The ripple approach expands on the shuffle approach. The first cell is moved in the same way. Then, instead of moving the second cell to a nearby empty slot, a third cell is randomly selected. The second cell moves to the location of the third cell, the third cell moves to the location of a fourth cell, and this process continues until a cell lands in an empty slot. This approach produces a multi-cell swap. However, since no limits were place on the chain reaction, there is usually too many cell swaps to produce a decent result.

Results

The best results are outlined in Table 1 and the associated annealing schedule is included in Table 2.

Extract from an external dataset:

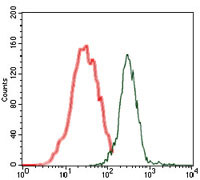 Figure 2: Flow cytometric analysis of MCF-7 cells using human Splunc2 mouse mAb (green) and negative control (red). |

Table 1 - Benchmark Results

Circuit Final Cost
pairb 5715
cm162a 77
e64 2004
cm150a 67
alu2 995
C880 1105
cm151a 36
cm138a 42
apex4 11472
paira 4327
cps 5507
apex1 6332
Average Cost 3139.917

Table 2 - Annealing Schedule

Parameter Python parameter Value
Initial temperature start_temperature 20
Temperature update temperature_rate 0.9
Iterations dynamic_n_moves True
k_n_moves 1
Exit criteria exit_criteria “multiple_no_improvement”
exit_iterations 20
Range window range_window True
window_size 0.3
Shuffle shuffle False
Ripple ripple False
Half perimeter assumptions no_assumptions False

Application Guide

Run the program with the gui.py file. The graphical display is implemented with tkinter, the graphs are produced with matplotlib, and the program also requires the numpy library. The program can be run under single circuit mode or benchmarking mode (controlled by the single_circuit parameter). This and other various parameters, as well as the annealing schedule, can be configured using settings.py.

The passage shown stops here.